公募研究
新学術領域研究(研究領域提案型)
小脳は運動学習に深くかかわり、そこでのシナプス可塑性が運動学習の基盤と考えられている。それらの中で、皮質内の平行線維・プルキンエ細胞間の興奮性シナプスで起こる長期抑圧は、運動学習の基盤機構として注目され、多くの研究がなされてきた。しかし、長期抑圧阻害下で運動学習が起こる例が報告され、長期抑圧以外の小脳シナプス可塑性が運動学習に関与する可能性が示唆された。長期抑圧障害を補い得るシナプス可塑性の一つとして、プルキンエ細胞上の抑制性シナプスで起こるRebound Potentiation (RP)がある。
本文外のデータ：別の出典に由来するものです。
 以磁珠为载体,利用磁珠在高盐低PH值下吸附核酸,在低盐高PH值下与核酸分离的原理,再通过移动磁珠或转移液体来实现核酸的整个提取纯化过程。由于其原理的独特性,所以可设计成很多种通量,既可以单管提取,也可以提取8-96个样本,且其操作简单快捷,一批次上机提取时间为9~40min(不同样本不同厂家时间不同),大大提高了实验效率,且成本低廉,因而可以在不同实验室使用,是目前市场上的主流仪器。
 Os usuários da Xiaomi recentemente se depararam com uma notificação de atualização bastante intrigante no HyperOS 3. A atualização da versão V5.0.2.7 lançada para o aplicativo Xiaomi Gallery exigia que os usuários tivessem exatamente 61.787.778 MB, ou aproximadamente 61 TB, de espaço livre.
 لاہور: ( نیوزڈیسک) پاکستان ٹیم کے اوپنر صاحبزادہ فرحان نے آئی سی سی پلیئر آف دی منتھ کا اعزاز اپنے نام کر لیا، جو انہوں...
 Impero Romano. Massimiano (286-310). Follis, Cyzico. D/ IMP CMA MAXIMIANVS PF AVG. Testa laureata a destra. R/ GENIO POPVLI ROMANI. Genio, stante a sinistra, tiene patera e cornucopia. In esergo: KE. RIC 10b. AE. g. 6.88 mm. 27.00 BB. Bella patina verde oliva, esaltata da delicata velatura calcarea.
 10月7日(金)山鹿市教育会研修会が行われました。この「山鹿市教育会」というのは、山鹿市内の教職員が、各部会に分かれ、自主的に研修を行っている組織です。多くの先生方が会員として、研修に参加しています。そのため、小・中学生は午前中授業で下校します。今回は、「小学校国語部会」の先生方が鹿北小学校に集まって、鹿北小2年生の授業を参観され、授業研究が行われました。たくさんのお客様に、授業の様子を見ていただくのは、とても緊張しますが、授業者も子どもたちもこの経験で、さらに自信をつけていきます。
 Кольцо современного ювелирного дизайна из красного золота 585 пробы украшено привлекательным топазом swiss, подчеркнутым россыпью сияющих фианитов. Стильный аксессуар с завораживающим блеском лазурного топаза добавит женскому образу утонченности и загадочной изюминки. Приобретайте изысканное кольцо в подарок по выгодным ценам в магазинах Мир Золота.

私たち、GABA(A)受容体とGABARAP分子の結合を競合的に阻害するペプチドがRP発現を抑えることを見出し、このペプチドと蛍光タンパク質Venusを融合させたタンパク質を、プルキンエ細胞特異的に発現するトランスジェニックマウスを作製した。そして、平成25年度の研究で、このトランスジェニックマウスはRPは阻害されているが、他のシナプス機能および小脳形態には異常が認められないことを示した。また、反射性眼球運動の前庭動眼反射および視機性眼球運動の適応を、運動学習のモデルとして調べ、前庭動眼反射の適応がトランスジェニックマウスで障害されていることを見出した。これらの結果は、RPが運動学習にかかわることを示しており、2013年に論文発表した(Tanaka et al., J. Neurosci.)。RPが阻害されたトランスジェニックマウスで、前庭動眼反射の適応が障害されたが、視機性眼球運動の適応は障害されなっかたという結果は、RPの寄与が運動学習によって異なることを示唆しており、興味深い。この点は、平成26年度に探求する。
1: 当初の計画以上に進展している
私たちが作製したトランスジェニックマウスでは、抑制性シナプス可塑性が選択的に阻害されており、そのマウスが運動学習の一モデルである前庭動眼反射の適応の障害を示すことを明らかにし、論文報告することができた。
RP障害が、前庭動眼反射と視機性眼球運動の適応に異なる作用をする神経機構の探索を行う。